Sezai Yılmaz


Dost ve Dostlar Sahibi Olmak

Aslında her birey yaşadığı hayatı kendisi yönlendirebilecek, düzenleyebilecek bir yapıya sahip kabul edilir. Fakat çevresel ve dış unsurlar bazen beklenilmeyen sorunlarla karşılaşmaya neden olabilir.


‘’Kimle gezdiğinize, kimle arkadaşlık ettiğinize dikkat edin. Çünkü; bülbül güle, karga çöplüğe götürür.’’ Hz. Mevlana.

İçinde yaşadığımız dönem insanları öyle zorluyor ki, insanlar çok daralıyor ve sıkıntılar yaşıyor. Zorluklar, yetmezlikler ve sıkıntıları aşamamanın rahatsızlığı ile boğuşuyor. Yüz yüze kaldığı durumlar endişelerini arttırıyor. Aşmak için nasıl bir yol bulacağı meselesi ise bazen daha yeni sıkıntılara yol açıyor.

Aslında her birey yaşadığı hayatı kendisi yönlendirebilecek, düzenleyebilecek bir yapıya sahip kabul edilir. Fakat çevresel ve dış unsurlar bazen beklenilmeyen sorunlarla karşılaşmaya neden olabilir.

İnsan, yaptığı ve ettiklerinden dolayı da sorunların bizzat kaynağı olabilir. İnsan yaşadığı sürece böylesi durumlarla karşılaşabilir. Karşılaşılan her problemi, hayatı zorlayıcı ve içinden çıkılamaz bir durum olarak görmemek gerekir. 

Hayat sürprizlerle doludur. İnsan ise karşılaştığı sorunları çözmeyi başarabilecek bir donanıma sahiptir. Yeter ki sakin olup sorunu anlamaya çalışsın.
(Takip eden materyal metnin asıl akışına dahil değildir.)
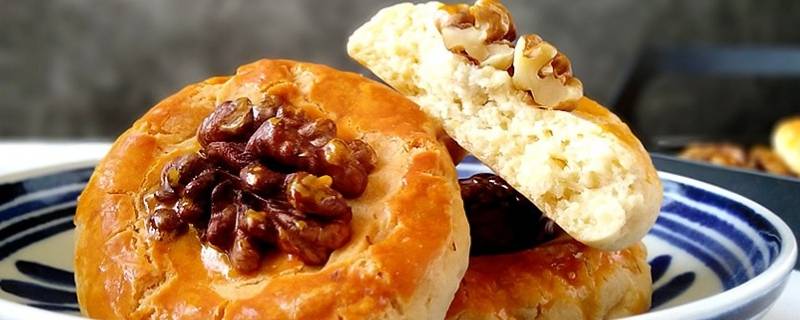 1、核桃酥饼:特色传统小吃,主要原料有面粉、核桃仁、油、糖、盐、鸡蛋、发酵粉、小苏打、芝麻等,核桃饼在烤箱中烘烤。

Sonrada nasıl çözebileceğine dair yollar bulmaya çalışsın.

Yazının başındaki Mevlana’nın sözü tam da burada anlam buluyor.

Hayatınız boyunca kiminle yola çıkmışsanız öyle bir gelecekle yüzleşmeyi kabul etmişsiniz demektir.

Dost veya dostlar.

Hz. Peygamber’e(as) Sıddık olan Hz. Ebubekir’i(ra) düşündüğünüzde aklımız başımıza geliyor. Tavsiyemdir, ölümsüz olan, bu dostluğu okumaya çalışalım. Tarih daha nice dostluklara şahitlik etmiştir.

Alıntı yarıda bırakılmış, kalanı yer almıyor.